On Wed, Apr 1, 2015 at 5:32 PM, David McBride <toad3k@gmail.com> wrote:
mkStdGen only accepts Ints as seeds.  But your random function, as you typed it, can return any type of random.  You either have to restrict your random function to returning ints, like so:

myrandoms :: (RandomGen g) => g -> [Int]
myrandoms gen = let (value, newGen) = random gen in value:myrandoms (mkStdGen value)

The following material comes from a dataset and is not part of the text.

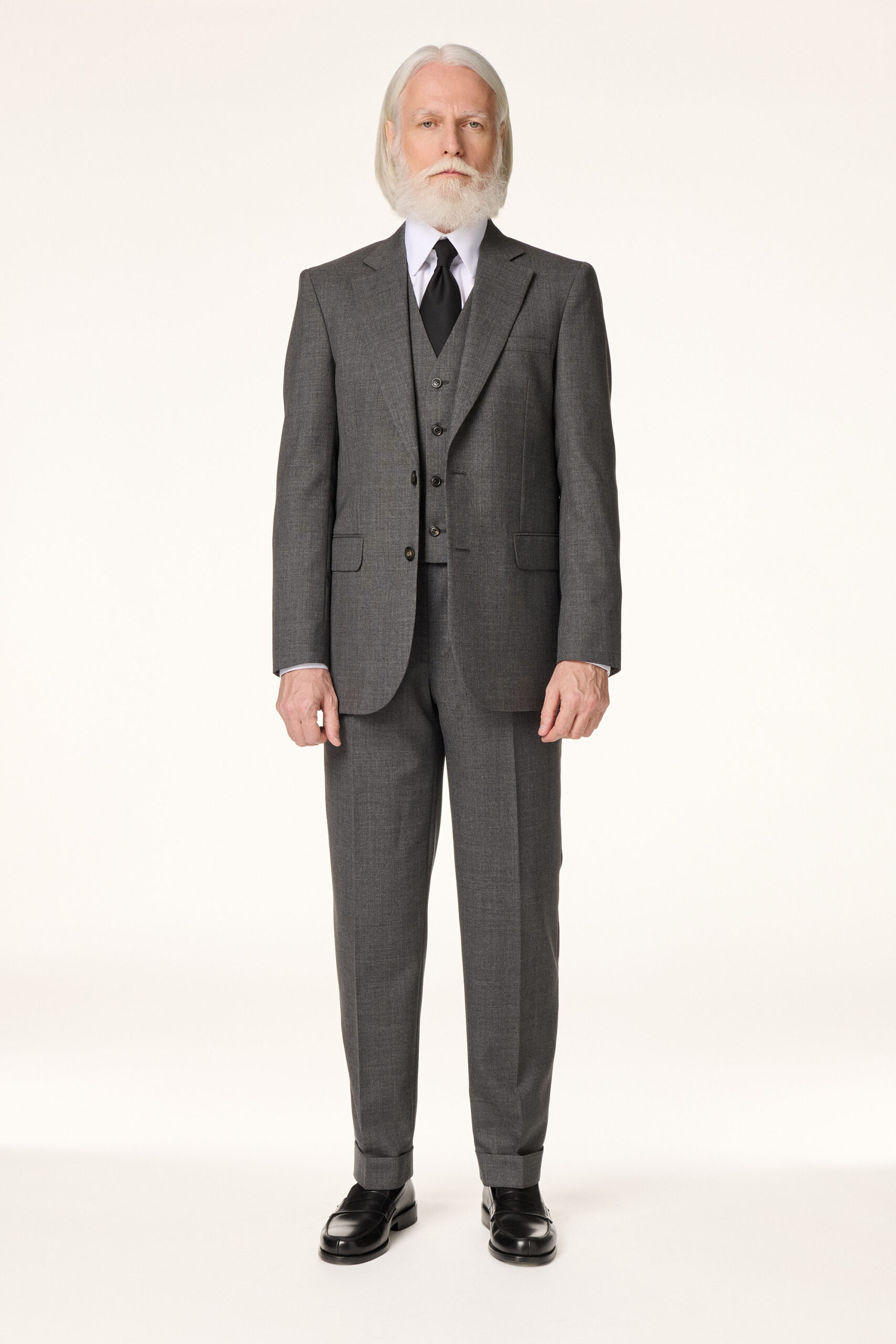 Costume trois pièces réalisé dans une laine froide gris moyen. Conçu pour être porté toute l’année, il se compose d’une veste droite à la coupe confortable, fermée par deux boutons en corne, avec un col classique à crans de 9 cm et des poches à rabats. Un gilet avec encolure en V à bas droit. Le pantalon, taille haute, à double pinces, se termine par un revers de 5cm.

Is there any good reason we're not using newGen for its intended purpose here and instead weakening our randomness, maybe extremely (imagine if a list a Bool is asked for...) ???

 

Or you have to find a way to convert any Random a into an Int (not possible), or put another constraint on it, such that you can return all the types you might want that you have the ability to turn into ints, for example:

myrandoms :: (RandomGen g, Random a, Intable a) => g -> [a]
myrandoms gen = let (value, newGen) = random gen in value:myrandoms (mkStdGen $ convertToInt value)

class Intable a where
  convertToInt :: a -> Int

instance Intable Int where convertToInt = id
instance Intable Integer where convertToInt = fromIntegral
instance Intable Char where convertToInt s = undefined -- something

Which is obviously tedious, but may be worthwhile depending on your application.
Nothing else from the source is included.